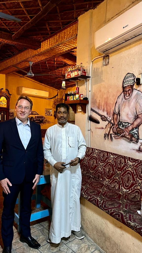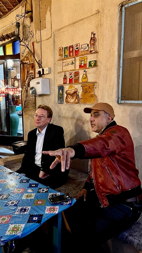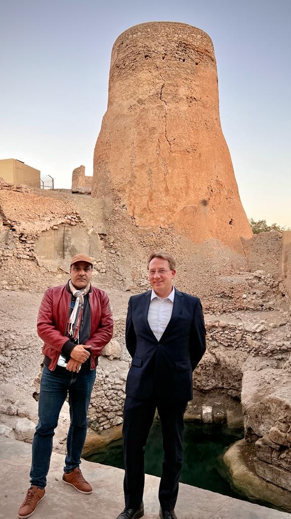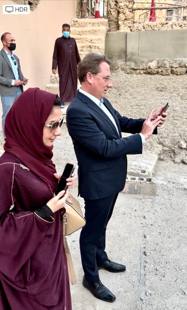 جاء ذلك بحضور الفنان زمان جاسم، والفنانة فاطمة النمر، حيث وصف القلعة بأنها من التراث العالمي، وأخذ جولة في البيوت المجاورة للقلعة وقهوة تاروت التراثية.
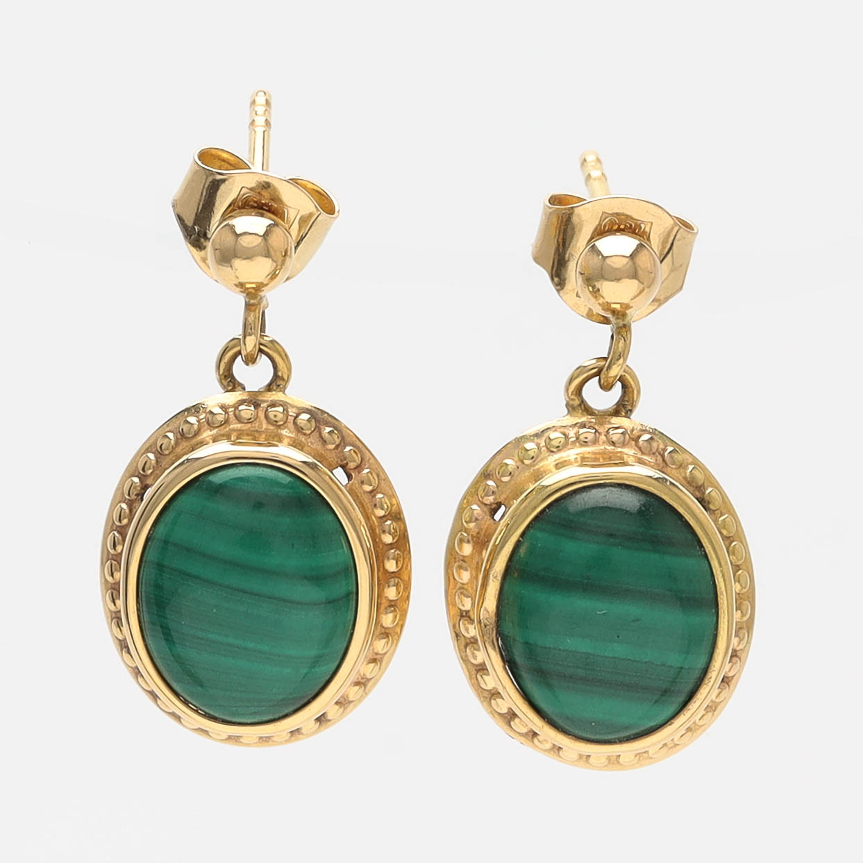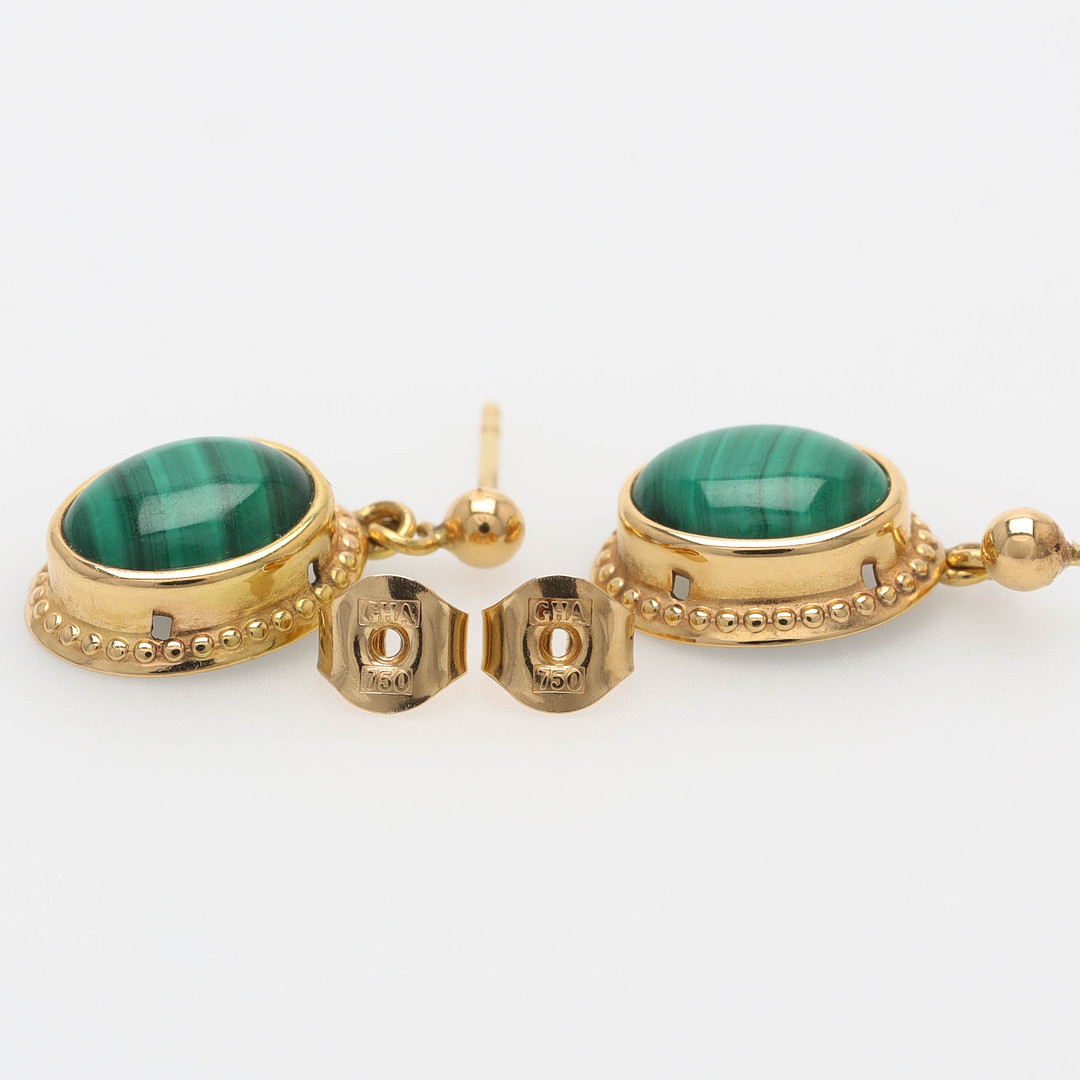 4245536. KORVAKORUT, 18K kultaa, malakiitti.
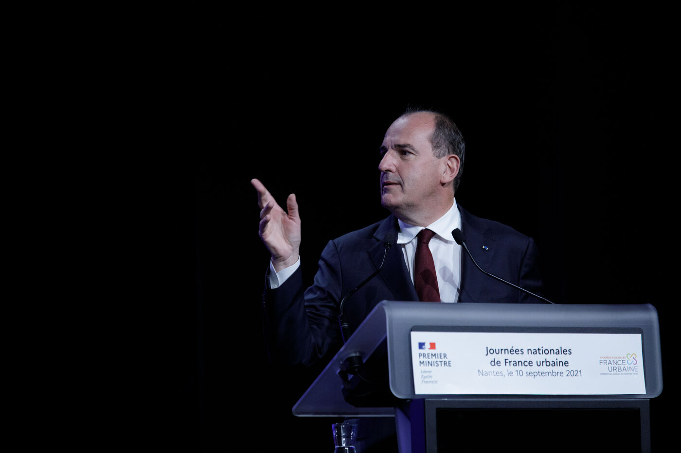 Jean Castex, Prime Minister, delivers a speech at the Journées nationales de l'association France Urbaine, Nantes, September 10, 2021.
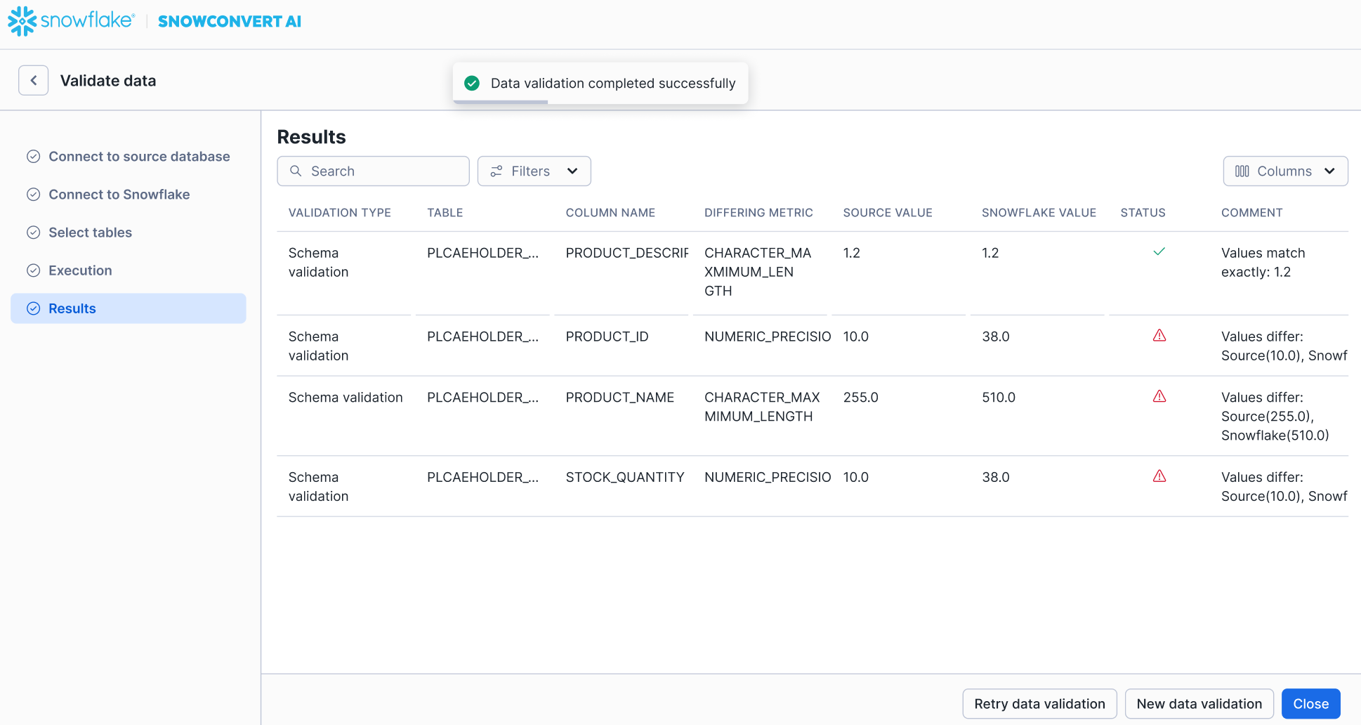 To ensure that your data is successfully migrated to Snowflake, the data validation employs two distinct validation levels: schema validation and metrics validation.

> [Problem requirements]
Take the lines from the one holding "4245536. KORVAKORUT, 18K kultaa, malakiitti." through the last line of the data above and copy them exactly, both ends included, omitting all pictures.

> [Response to the exercise]
 4245536. KORVAKORUT, 18K kultaa, malakiitti.
 Jean Castex, Prime Minister, delivers a speech at the Journées nationales de l'association France Urbaine, Nantes, September 10, 2021.
 To ensure that your data is successfully migrated to Snowflake, the data validation employs two distinct validation levels: schema validation and metrics validation.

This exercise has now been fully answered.